#!/usr/bin/env python
# coding: utf-8

# # Classification Model
# 
# > In this post, We will cover the use case of Classification model including Logistic Regression through StatsModels and scikit-learn.
# 
# - toc: true 
# - badges: true
# - comments: true
# - author: Chanseok Kang
# - categories: [Python, Machine_Learning]
# - image: images/log_reg_comp.png

# ## Resources & Credits
# The dataset that we use are from the book `Introduction to Statistical Learning` by Gareth James, Daniela Witten, Trevor Hastie, and Rob Tibshirani. You can check the details in [here](https://www.statlearning.com/).

# ## Packages

# In[2]:


import numpy as np
import pandas as pd
import statsmodels.api as sm
import statsmodels.formula.api as smf
import matplotlib.pyplot as plt


# ## Credit - Load the dataset and EDA
# 
# The goal of `Default.csv` Dataset it to classify whether the person is default or not based on the several features. In this post, we will only use `balance` feature for classification.

# In[5]:


default = pd.read_csv('./dataset/Default.csv')
default = default[['default', 'balance']]


# In[6]:


default.shape


# In[7]:


default.head()


# ## Simple model - linear regression
# At first, we build simple linear regression model for the baseline.

# In[8]:


X = default['balance']
X = sm.add_constant(X)
X.iloc[:6, :]


# Then we convert label (or response variable) from text data to numerical.

# In[9]:


y = list(map(lambda x: 1 if x == 'Yes' else 0, default['default']))
y[:6]


# In[14]:


linear_reg = sm.OLS(y, X).fit()
linear_reg.summary()


# After that, we can measure the performance with graph.

# In[15]:


y_pred = linear_reg.predict(X)
plt.plot(default['balance'], y_pred)
plt.plot(default['balance'], default['default'], linestyle='none', marker='o', markersize=2, color='red')
plt.show()


# In the graph, the real values are shown in red, and blue line is the regression line. And this line cannot classify some sort of negative data. That's the problem.

# ## Logistic Regression
# In order to handle the mis-classification in linear regression, we can use the logistic regression as an alternative.
# The usage is simple. Just use `sm.Logit()` function for logistic regression.

# In[16]:


logistic_reg = sm.Logit(y, X).fit()
logistic_reg.summary()


# After that, we can measure the performance with graph. In this case, we need to sort the predicted output for visualization.

# In[22]:


y_pred = logistic_reg.predict(X)
plt.plot(np.sort(default['balance']), np.sort(y_pred))
plt.plot(default['balance'], default['default'], linestyle='none', marker='o', markersize=2, color='red')
plt.show()


# For the comparison, we plot the two graphs at once.

# In[23]:


fig, ax = plt.subplots(1, 2, figsize=(16, 10))
y_pred_linear = linear_reg.predict(X)
y_pred_logistic = logistic_reg.predict(X)

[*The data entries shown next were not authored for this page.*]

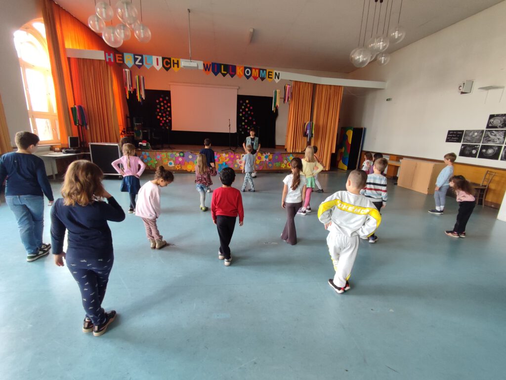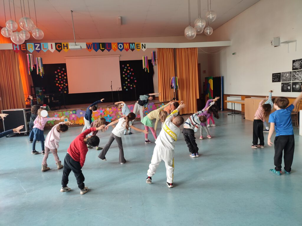 In Zusammenarbeit mit professionellen Tanzpädagog*innen – unter anderem aus dem Netzwerk der Flying Steps – führen wir regelmäßig Tanzprojekte, Workshops und Bühnenauftritte durch. Die Kinder erleben Tanzstile wie Hip-Hop, Breakdance oder kreative Improvisation hautnah und können ihre Bewegungsfreude in einem geschützten Rahmen entfalten.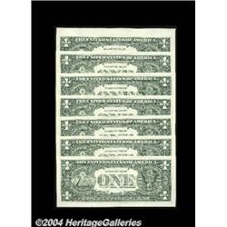 Fr. 1929-F $1 2003 Federal Reserve Notes. Gem Crisp Uncirculated. A set of seven consecutive notes with the middle note displaying an inverted third printing and associated cutting error. All six bookends are absolutely normal. This is a neat set which would make an excellent display item. <BR><BR><B>Important notice:</B> Heritage usually auctions material at the rate of 200-250 lots per hour. On some occasions eBay Live bid software or the Internet may not be able to keep up with the pace of the auction. We recommend placing a realistic absentee bid now as insurance to avoid disappointment. Occasionally the auctioneer may eliminate or reject an eBay Live bid, and the auctioneer may also reopen a lot after the close of the eBay live bidding (usually because we missed an audience bid), and may reject your bid even if it shows you as the winning bidder. By bidding via eBay Live, you agree that Heritage may award the lot to another bidder at its sole discretion under the circumstances described above or any other reasonable circumstances. Since eBay bids are not shown to us until we open the lot on the floor, we treat those bids just like floor bids. In most cases the floor responds before the eBay bid is presented to us, due to Internet lag time, so for consistency we have made it a policy that floor bids are always considered first over tie eBay live bids. Also please note that all Heritage lots purchased through eBay Live carry a 20% Buyer's Premium. Please make sure you read the Terms and Conditions before you bid. <BR><BR><B>IMPORTANT ANNOUNCEMENT ABOUT RESERVES:</B> Heritage now divulges all reserves on its web site 7 days before every auction. If you want to know whether the reserve on this lot has been met, and if not, what the reserve amount is, please visit this lot page on the HeritageCoin.com web site, or email: bid@HeritageGalleries.com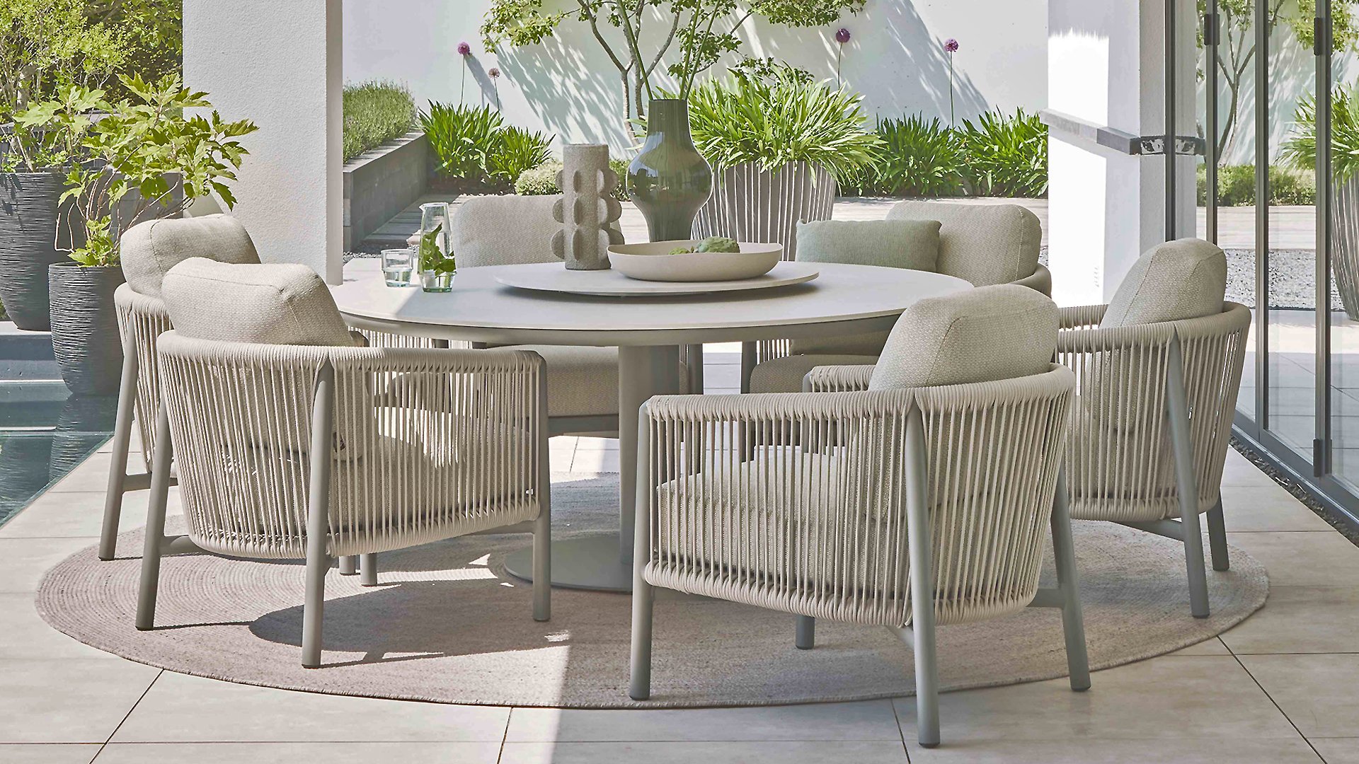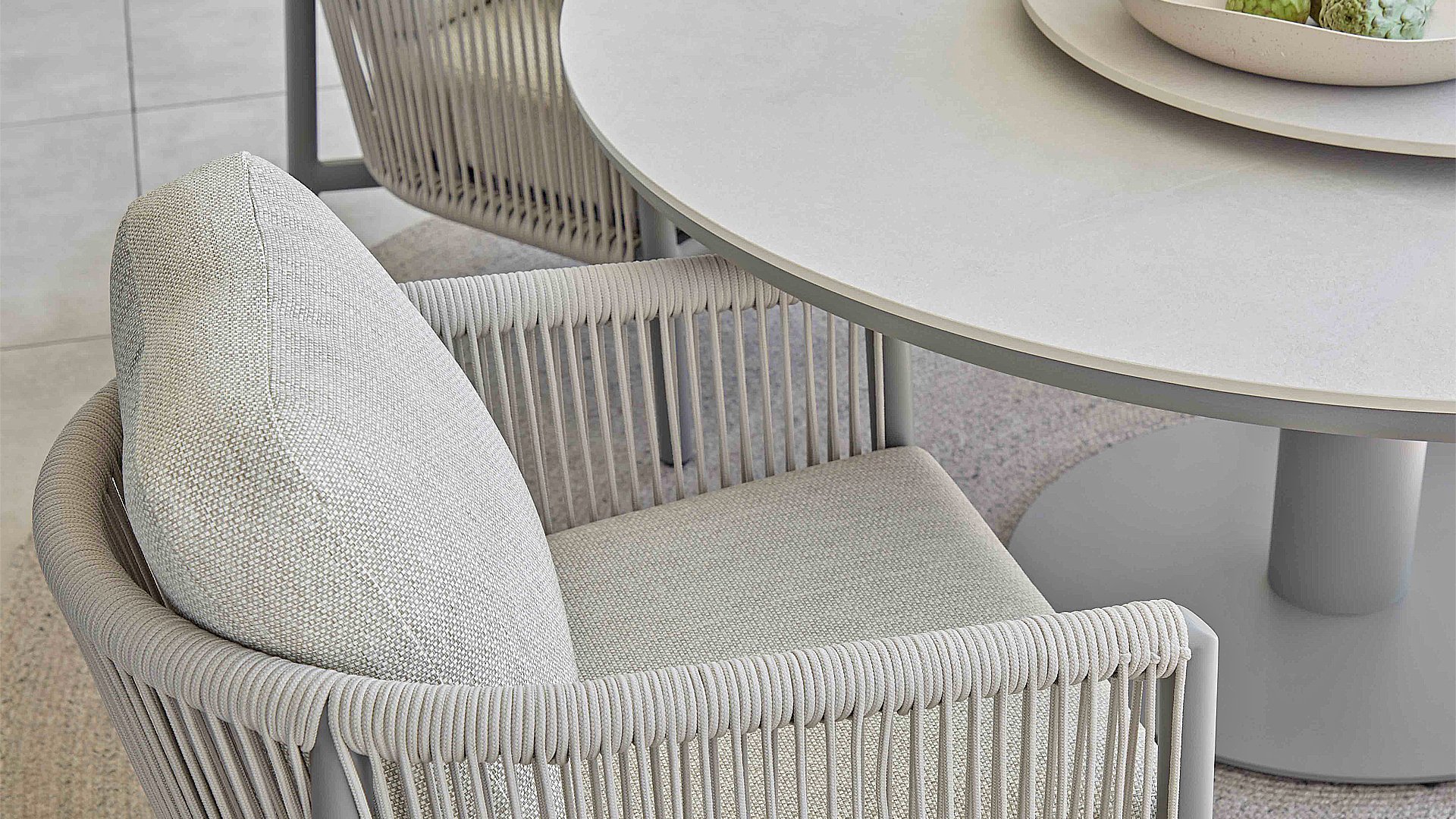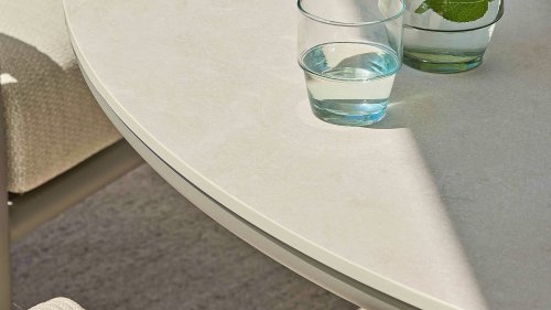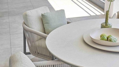 A beautiful combination with the Bora Bora low dining set. The top is made of sintered stone, which is both maintenance-free and scratch- and weather-resistant. Combined with a powder-coated aluminum frame that doesn't get in the way of your legs, how convenient is that? A Lazy Susan turntable Ø80cm is also available, which can be handy while dining.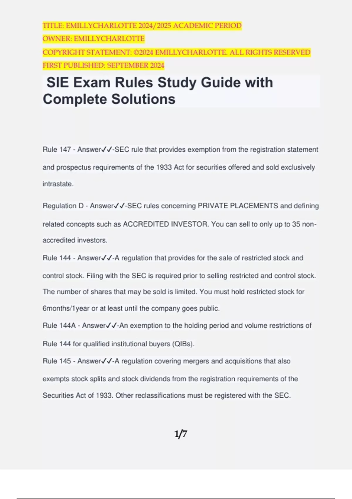SIE Exam Rules Study Guide with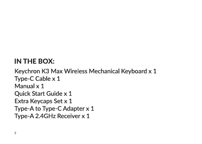 Olvassa el alább 📖 a magyar nyelvű használati útmutatót Keychron K3 Max (42 oldal) a billentyűzet kategóriában. Ezt az útmutatót 13 ember találta hasznosnak és 7 felhasználó értékelte átlagosan 4.5 csillagra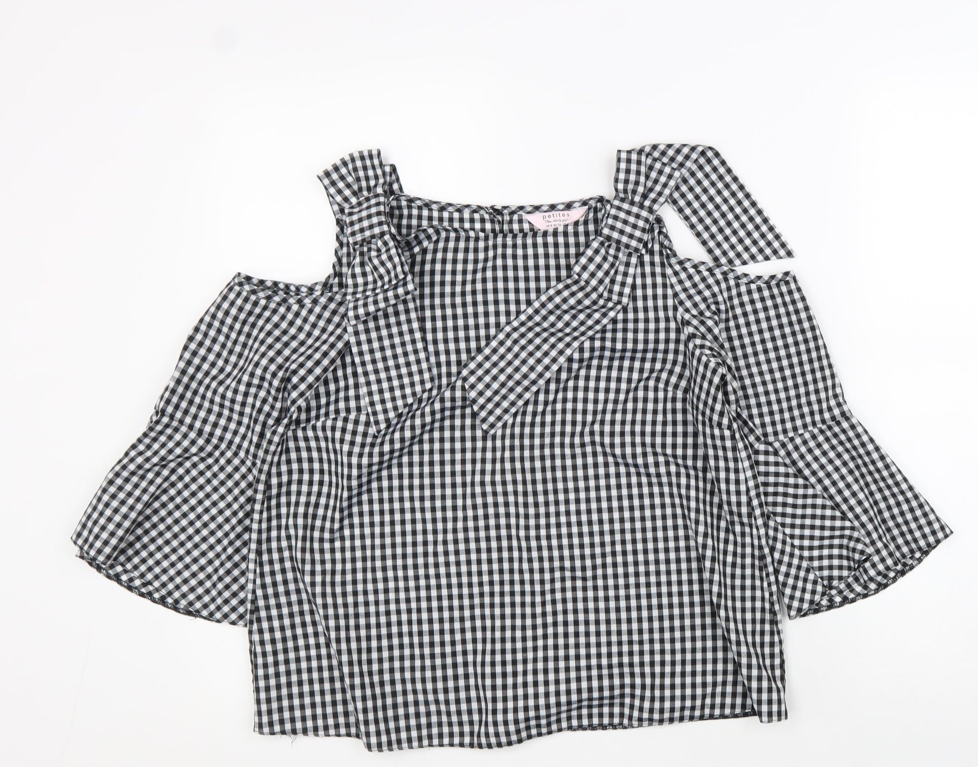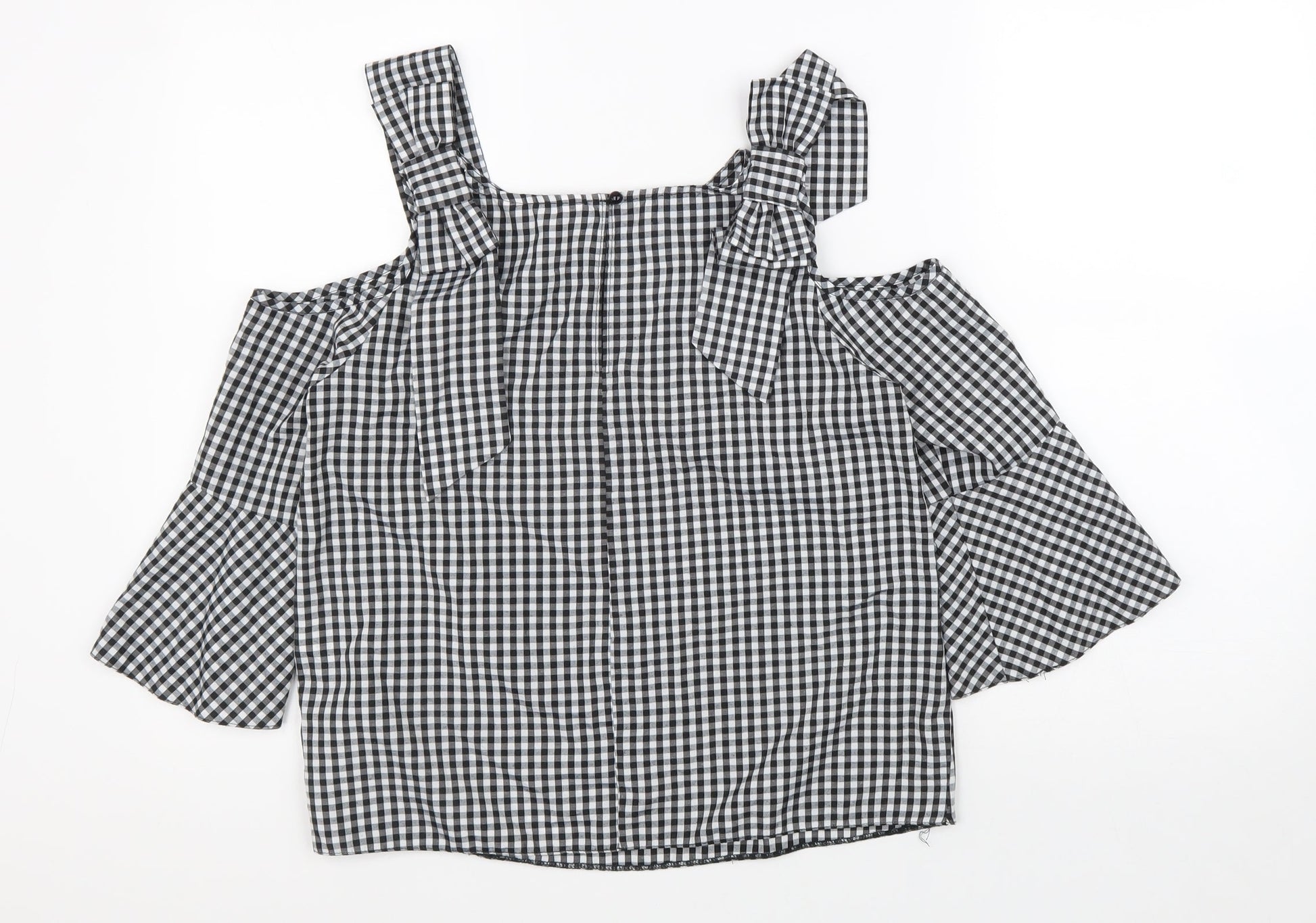 Miss Selfridge Womens Black Check Polyester Basic Blouse Size 8 Off the Shoulder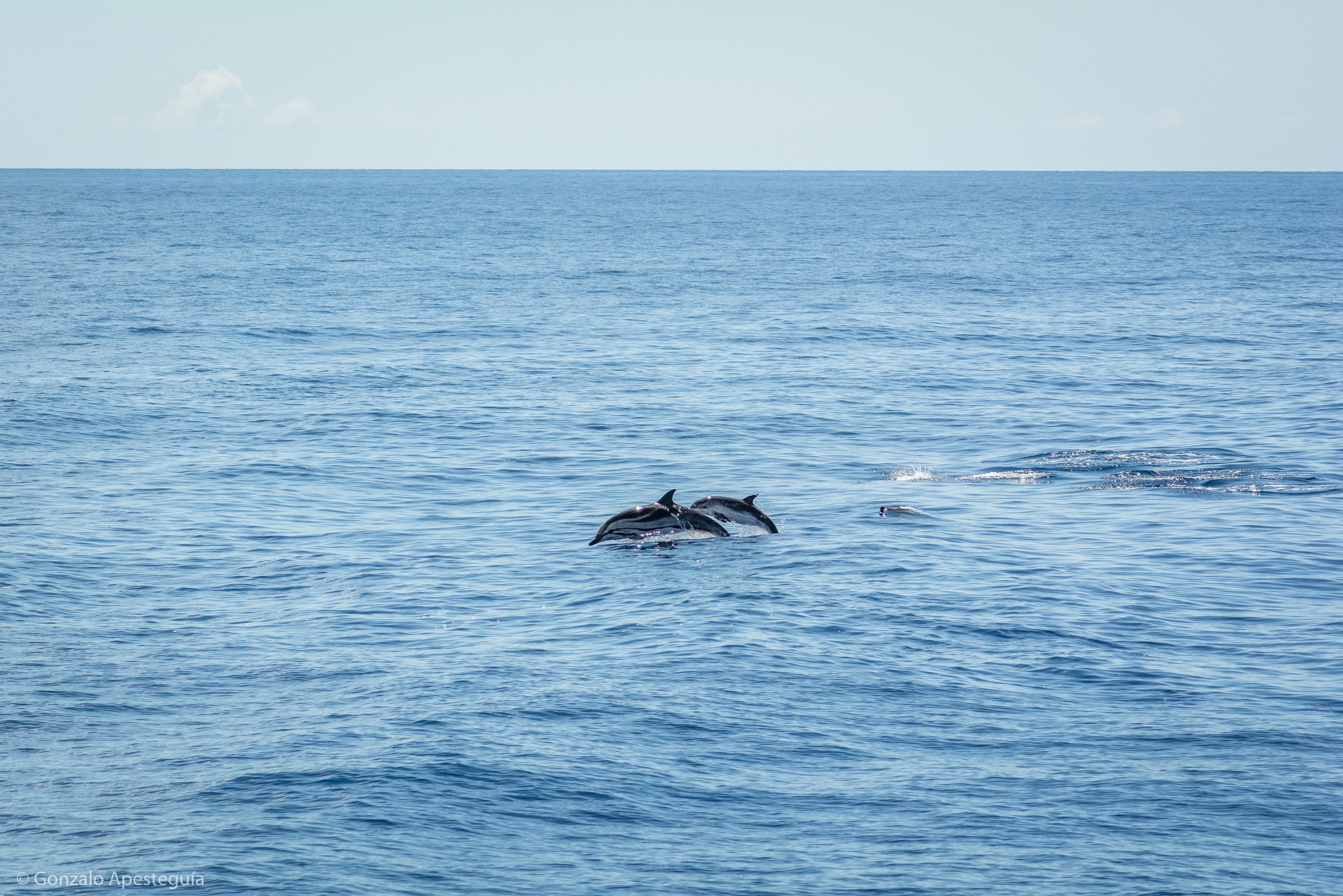 A lo largo del paseo en barco, se pudo avistar un grupo de delfines listados, así como tres zifios de Gervais (una madre, una cría y un juvenil), una especie muy difícil de ver. También se pudieron observar varias aves como pardelas, petreles de Bulwer y un paíño.

ax[0].plot(default['balance'], y_pred_linear)
ax[0].plot(default['balance'], default['default'], linestyle='none', marker='o', markersize=2, color='red')
ax[1].plot(np.sort(default['balance']), np.sort(y_pred_logistic))
ax[1].plot(default['balance'], default['default'], linestyle='none', marker='o', markersize=2, color='red')
plt.show()